Sodium-Glucose Cotransporter 2 Inhibitors Among Heart Failure With Mildly Reduced and Preserved Ejection Fraction.

Ann Pharmacother

Department of Pharmacy, School of Pharmacy and Pharmaceutical Studies, Binghamton University, Binghamton, NY, USA.

Published: November 2023

AI Article Synopsis

  • Recent trials indicate that empagliflozin and dapagliflozin effectively reduce cardiovascular death and hospitalization for heart failure in patients with mid-range and preserved ejection fractions when used with standard heart failure treatments.
  • Results from the EMPEROR-Preserved and DELIVER studies highlight a significant decrease in hospitalizations due to heart failure, suggesting these drugs may offer a class-wide benefit, particularly for patients with ejection fractions between 41% and 65%.
  • SGLT-2 inhibitors are emerging as a vital pharmacological option for improving cardiovascular outcomes in heart failure with preserved ejection fraction, positioning them as a standard treatment in managing the condition.

Article Abstract

Objective: Results from large placebo-controlled randomized trials in patients with heart failure with mid-range ejection fraction (HFmrEF) and HF with preserved EF (HFpEF) have become available recently. This article discusses results of these clinical trials.

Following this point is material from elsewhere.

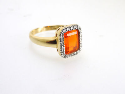 FINE 14K DARK ORANGE EMERALD QUARTZ & DIAMOND SOLITAIRE RING**

Data Sources: Peer-reviewed articles were identified from MEDLINE (1966 to December 31, 2022) using search terms dapagliflozin, empagliflozin, SGLT-2Is, HFmrEF, and HFpEF.

Study Selection And Data Extraction: Eight completed, pertinent clinical trials were included.

Data Synthesis: EMPEROR-Preserved, and DELIVER demonstrated that empagliflozin and dapagliflozin reduce CV death and heart failure hospitalization (HHF) in patients with HFmrEF and HFpEF, with/without diabetes when added to a standard heart failure (HF) regimen. The benefit is primarily due to reduction in HHF. Additional data from post hoc analyses of trials of dapagliflozin, ertugliflozin, and sotagliflozin suggest that these benefits may be a class effect. Benefits appear greatest in patients with left ventricular ejection fraction 41% up to about 65%.

Relevance To Patient Care And Clinical Practice: While many pharmacologic treatments have been proven to reduce mortality and improve cardiovascular (CV) outcomes in people with HFmrEF and HF with reduced EF (HFrEF), there are few therapy which improve CV outcome in people with HFpEF. SGLT-2I become one of the first class of pharmacologic agent that can be used to reduce HHF and CV mortality.

Conclusion: Studies showed that empagliflozin and dapagliflozin reduce the combined risk of CV death or HHF in patients with HFmrEF and HFpEF when added to a standard HF regimen. Given that benefit has now been demonstrated across the spectrum of HF, SGLT-2Is should be considered one of the standard HF pharmacotherapy.